> Task prompt
Write out exactly the lines below starting at the one containing "ドライヤーで乾かしてもまとまりが良かったです。髪はしっとりまとまる感じだけど、根元はふんわり。 | 詳細を見る | |" and ending at the one containing "2024年1月10日,零跑将". Omit every picture.

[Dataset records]
════════════════
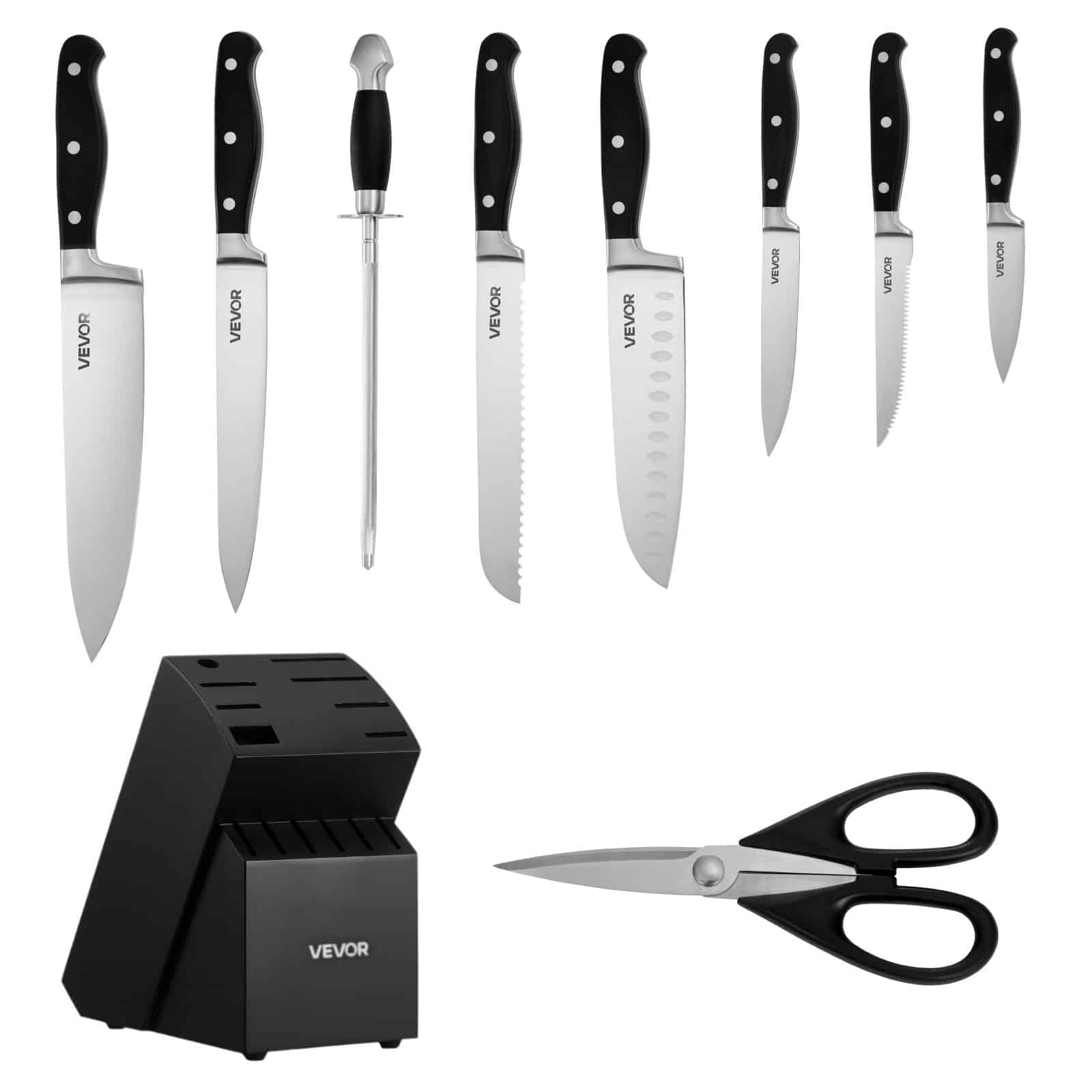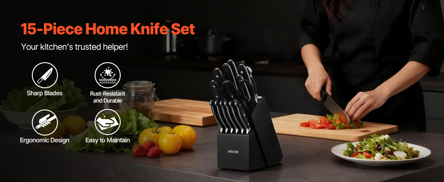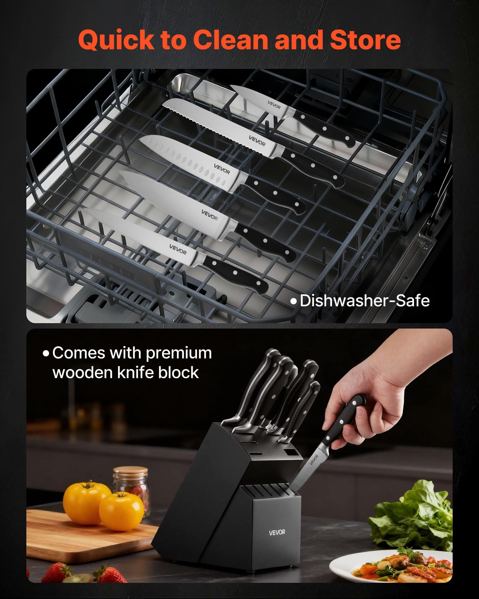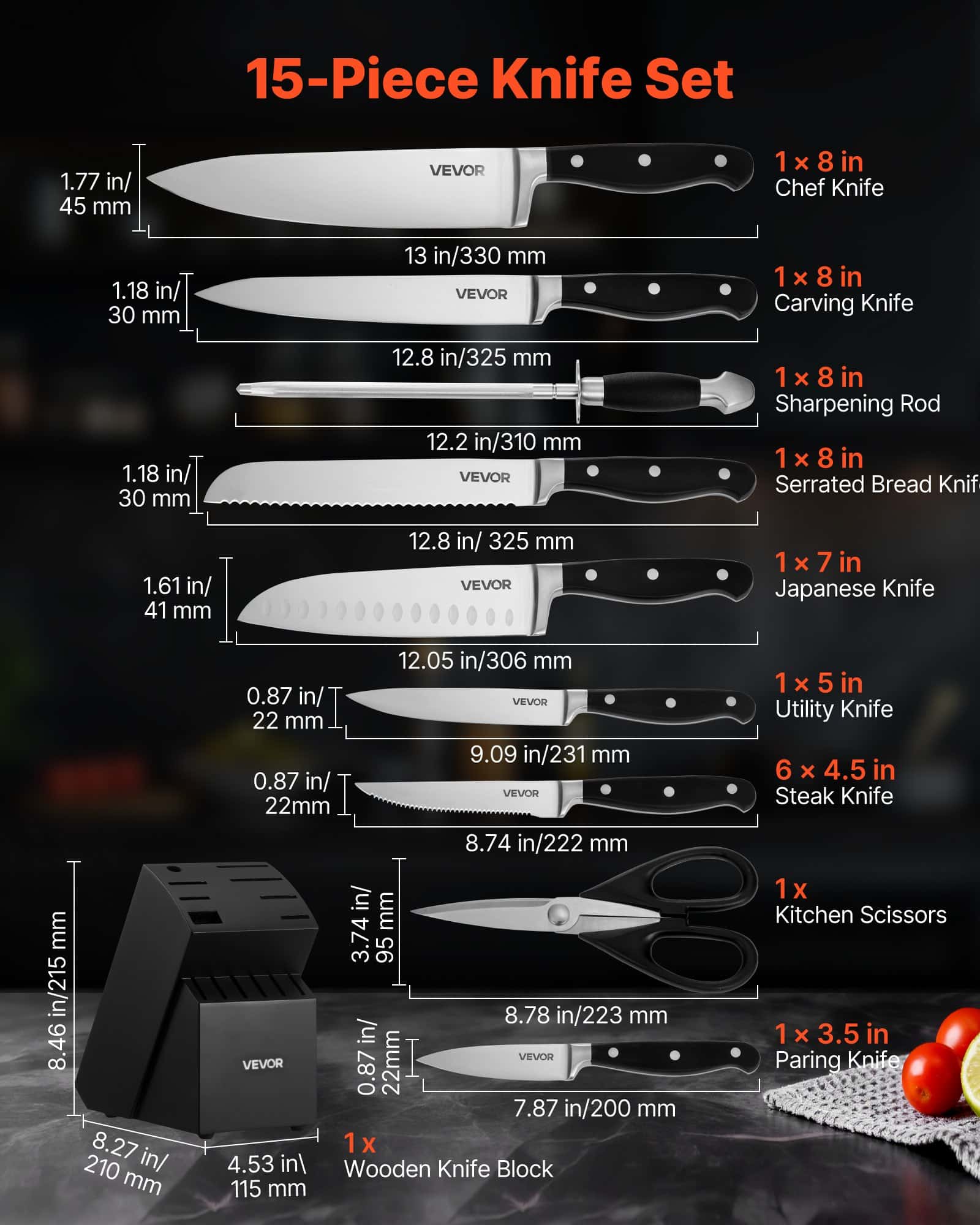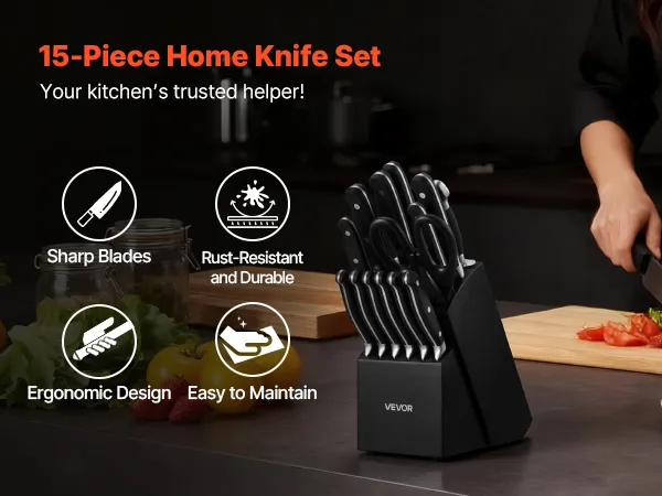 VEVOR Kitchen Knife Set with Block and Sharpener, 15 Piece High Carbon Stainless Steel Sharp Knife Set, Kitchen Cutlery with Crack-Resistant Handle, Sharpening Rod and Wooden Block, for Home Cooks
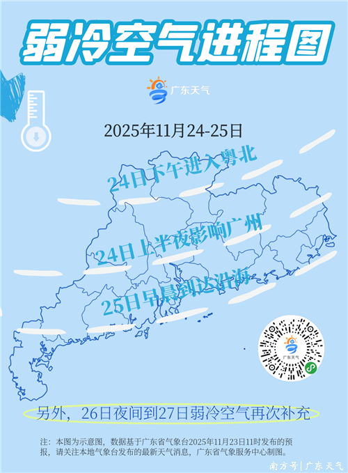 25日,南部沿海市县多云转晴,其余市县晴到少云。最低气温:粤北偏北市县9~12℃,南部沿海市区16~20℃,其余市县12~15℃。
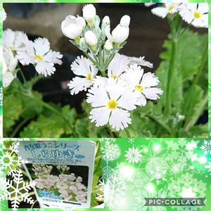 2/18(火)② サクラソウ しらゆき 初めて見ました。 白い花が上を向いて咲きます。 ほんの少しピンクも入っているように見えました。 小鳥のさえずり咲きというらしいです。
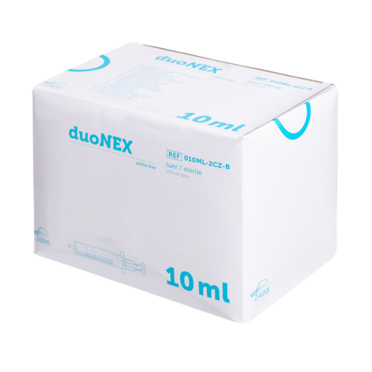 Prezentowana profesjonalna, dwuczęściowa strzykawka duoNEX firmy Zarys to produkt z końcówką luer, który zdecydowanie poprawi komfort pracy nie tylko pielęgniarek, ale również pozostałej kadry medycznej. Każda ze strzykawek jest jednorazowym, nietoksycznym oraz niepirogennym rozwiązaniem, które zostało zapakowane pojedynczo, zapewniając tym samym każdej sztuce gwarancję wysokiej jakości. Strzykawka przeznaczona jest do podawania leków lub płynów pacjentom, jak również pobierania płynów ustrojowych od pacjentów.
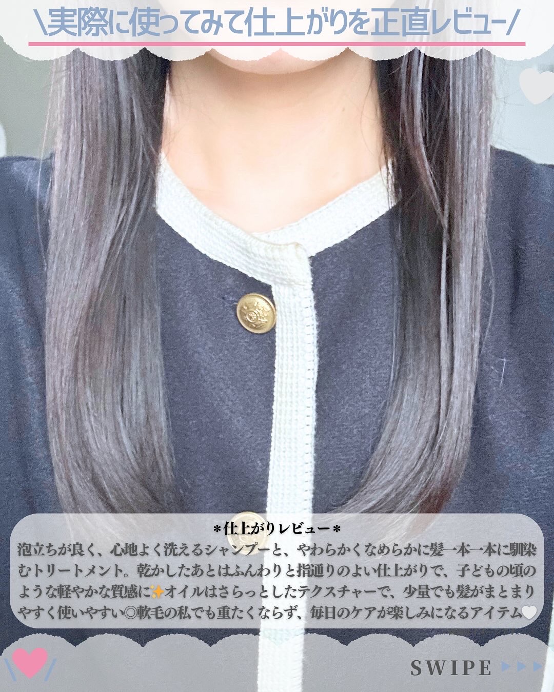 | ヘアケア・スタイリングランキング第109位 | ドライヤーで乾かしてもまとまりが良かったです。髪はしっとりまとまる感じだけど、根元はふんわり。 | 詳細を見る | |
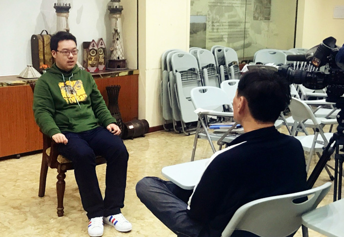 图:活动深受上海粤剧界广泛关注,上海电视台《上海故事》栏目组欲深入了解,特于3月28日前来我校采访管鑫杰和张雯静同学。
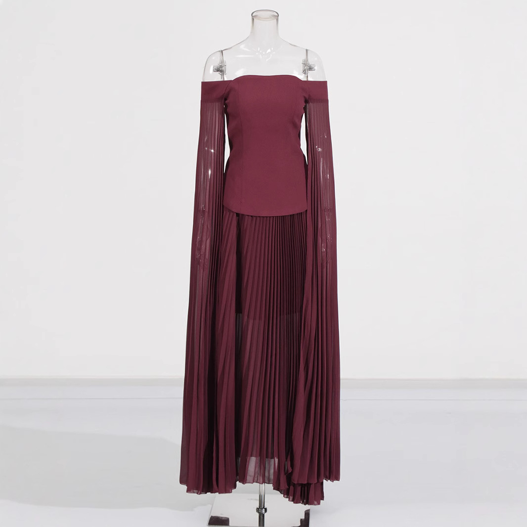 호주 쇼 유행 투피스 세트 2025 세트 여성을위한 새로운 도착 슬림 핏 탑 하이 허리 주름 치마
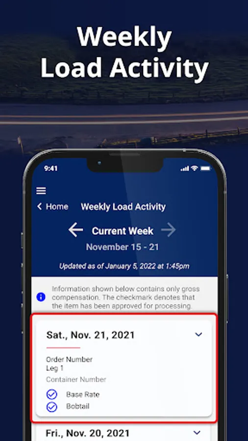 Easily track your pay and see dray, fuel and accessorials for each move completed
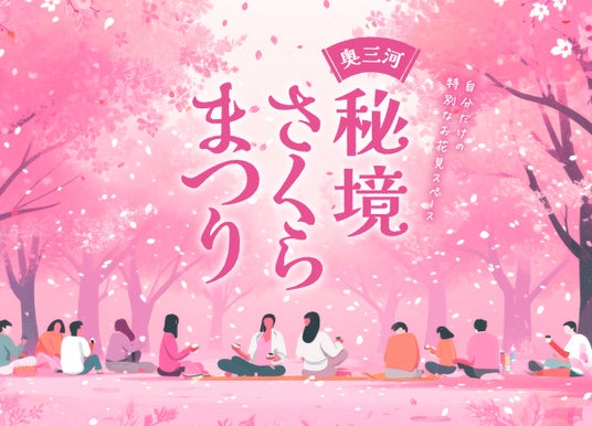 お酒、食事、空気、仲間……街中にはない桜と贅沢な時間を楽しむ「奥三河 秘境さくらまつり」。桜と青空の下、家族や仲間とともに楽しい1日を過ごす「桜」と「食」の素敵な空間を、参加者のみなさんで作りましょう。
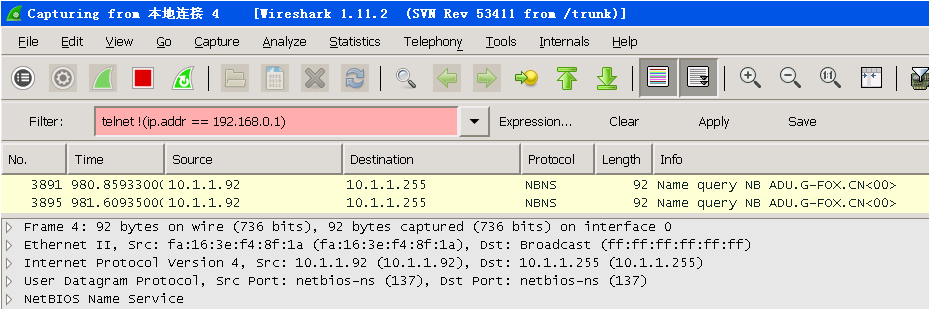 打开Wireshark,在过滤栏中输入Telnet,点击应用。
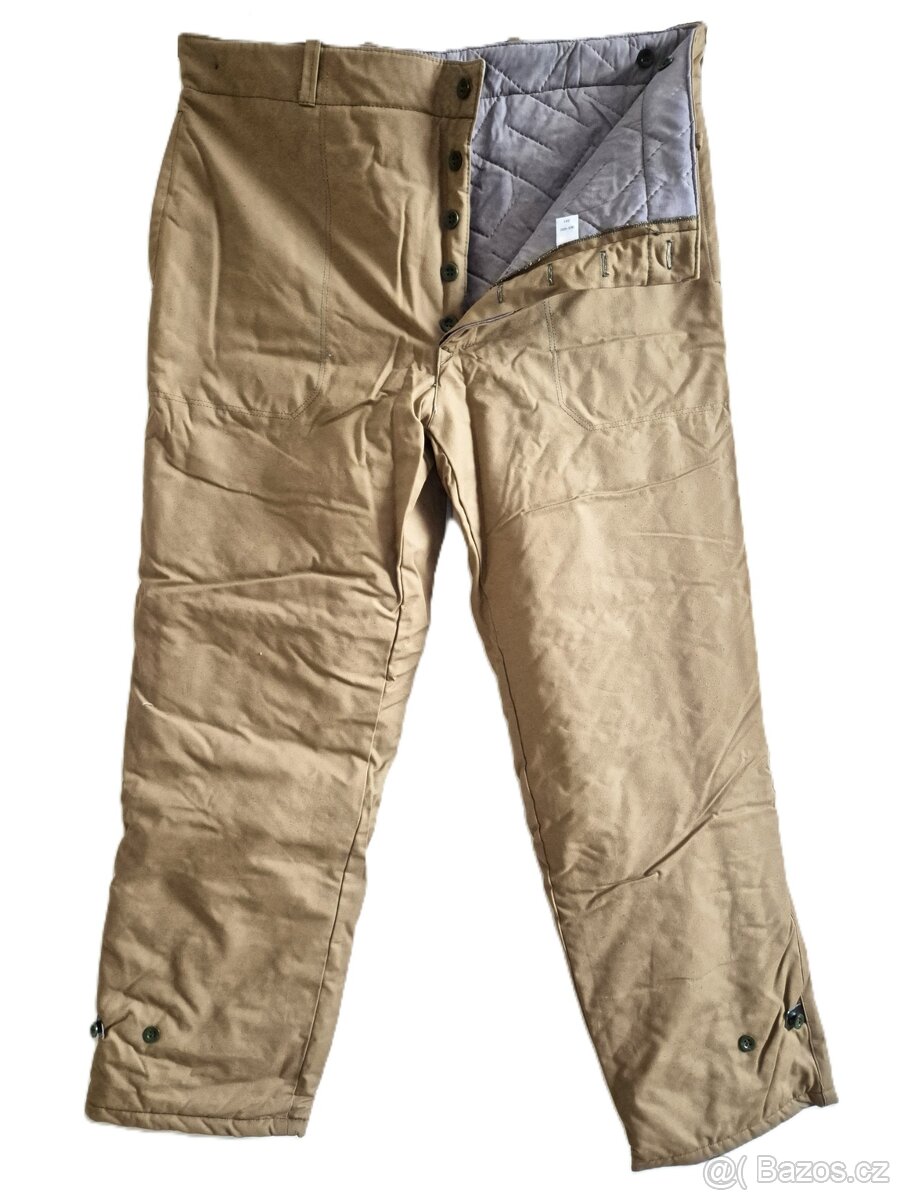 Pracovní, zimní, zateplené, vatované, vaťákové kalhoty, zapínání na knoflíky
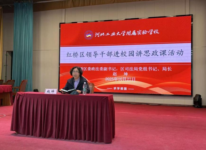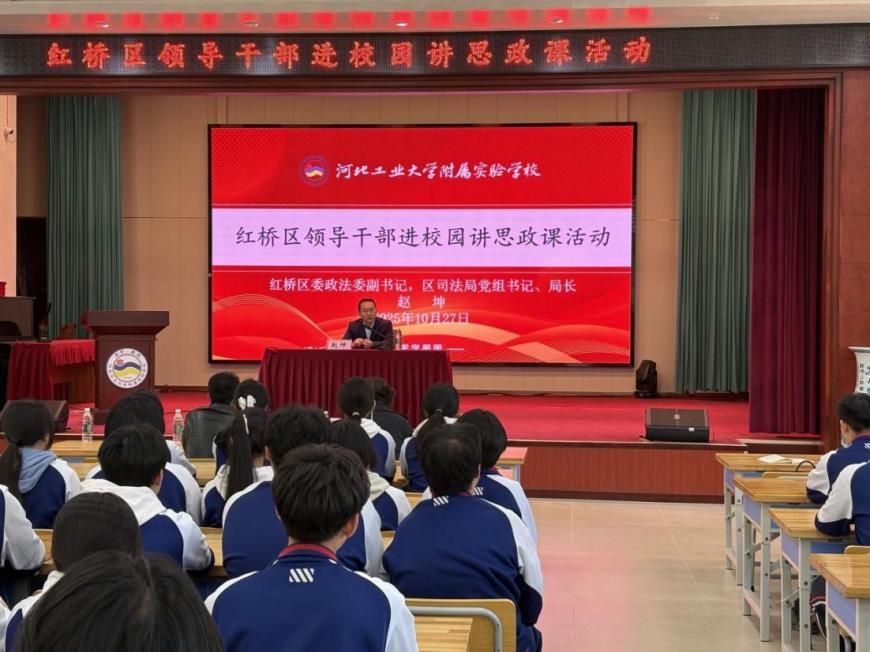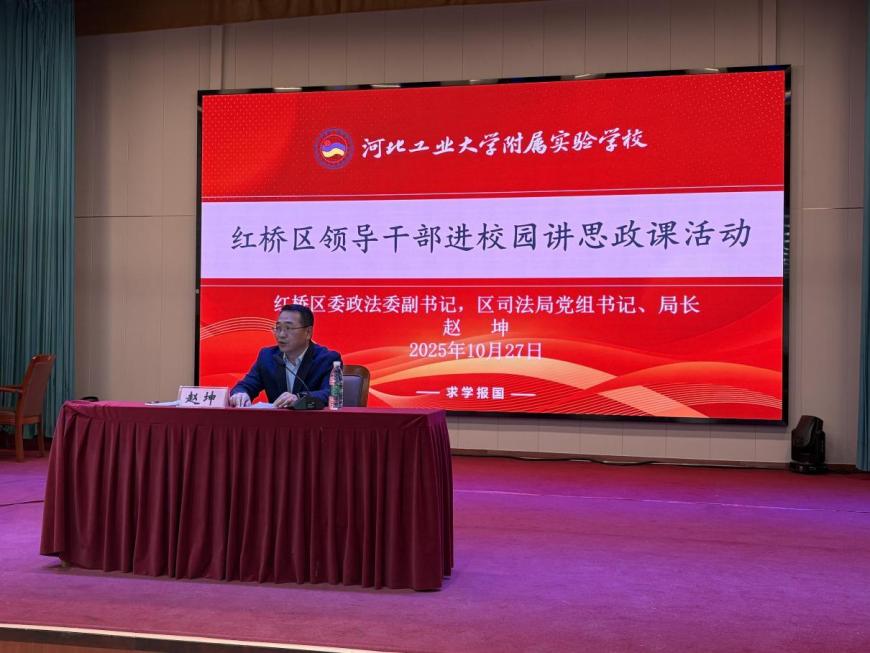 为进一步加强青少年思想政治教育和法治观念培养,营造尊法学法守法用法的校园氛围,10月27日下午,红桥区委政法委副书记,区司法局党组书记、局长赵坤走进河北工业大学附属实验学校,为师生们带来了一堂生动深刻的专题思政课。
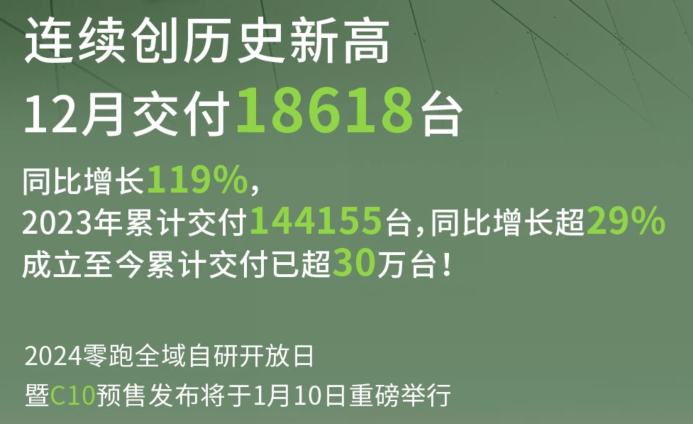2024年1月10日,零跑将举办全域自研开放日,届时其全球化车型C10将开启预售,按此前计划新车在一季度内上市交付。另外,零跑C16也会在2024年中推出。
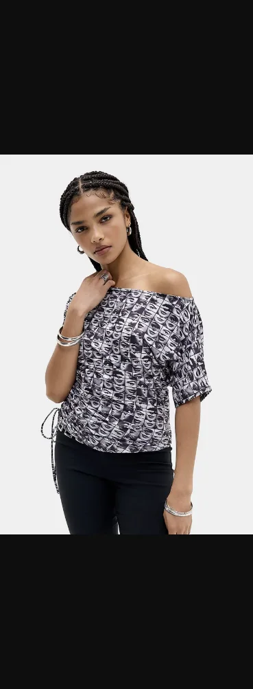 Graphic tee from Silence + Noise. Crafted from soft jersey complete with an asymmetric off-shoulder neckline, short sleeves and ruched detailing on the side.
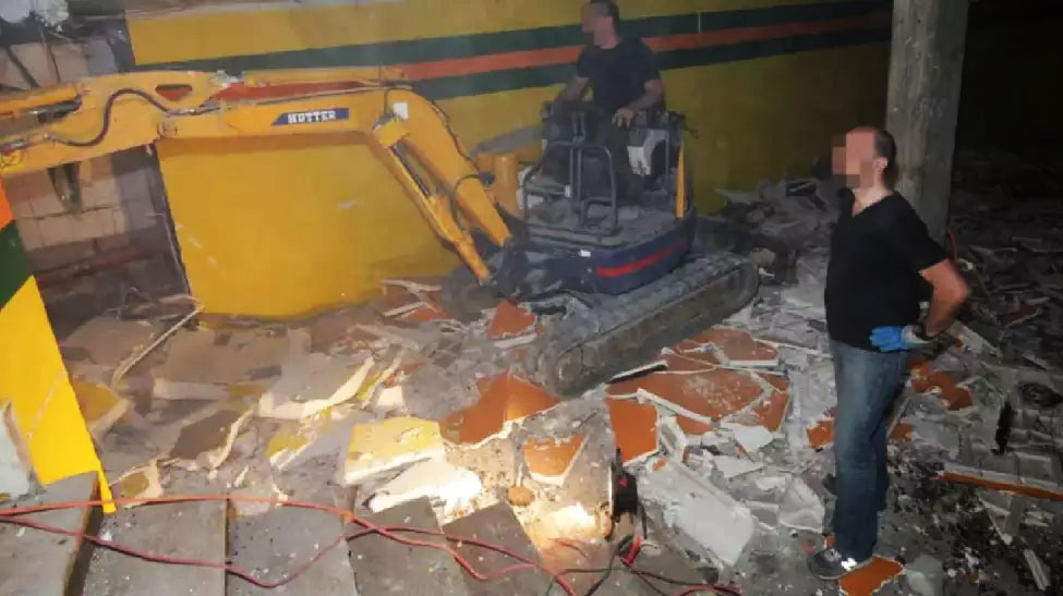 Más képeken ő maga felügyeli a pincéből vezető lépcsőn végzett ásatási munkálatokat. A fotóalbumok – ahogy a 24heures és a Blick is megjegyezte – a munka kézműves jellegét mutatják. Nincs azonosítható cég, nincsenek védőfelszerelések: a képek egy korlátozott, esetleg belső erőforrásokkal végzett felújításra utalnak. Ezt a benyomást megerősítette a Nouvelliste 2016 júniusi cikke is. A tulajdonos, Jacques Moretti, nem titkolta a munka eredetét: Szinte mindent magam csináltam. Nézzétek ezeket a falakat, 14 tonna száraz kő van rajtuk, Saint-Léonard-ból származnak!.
════════════════
> Completed task
 | ヘアケア・スタイリングランキング第109位 | ドライヤーで乾かしてもまとまりが良かったです。髪はしっとりまとまる感じだけど、根元はふんわり。 | 詳細を見る | |
 图:活动深受上海粤剧界广泛关注,上海电视台《上海故事》栏目组欲深入了解,特于3月28日前来我校采访管鑫杰和张雯静同学。
 호주 쇼 유행 투피스 세트 2025 세트 여성을위한 새로운 도착 슬림 핏 탑 하이 허리 주름 치마
 Easily track your pay and see dray, fuel and accessorials for each move completed
 お酒、食事、空気、仲間……街中にはない桜と贅沢な時間を楽しむ「奥三河 秘境さくらまつり」。桜と青空の下、家族や仲間とともに楽しい1日を過ごす「桜」と「食」の素敵な空間を、参加者のみなさんで作りましょう。
 打开Wireshark,在过滤栏中输入Telnet,点击应用。
 Pracovní, zimní, zateplené, vatované, vaťákové kalhoty, zapínání na knoflíky
 为进一步加强青少年思想政治教育和法治观念培养,营造尊法学法守法用法的校园氛围,10月27日下午,红桥区委政法委副书记,区司法局党组书记、局长赵坤走进河北工业大学附属实验学校,为师生们带来了一堂生动深刻的专题思政课。
2024年1月10日,零跑将举办全域自研开放日,届时其全球化车型C10将开启预售,按此前计划新车在一季度内上市交付。另外,零跑C16也会在2024年中推出。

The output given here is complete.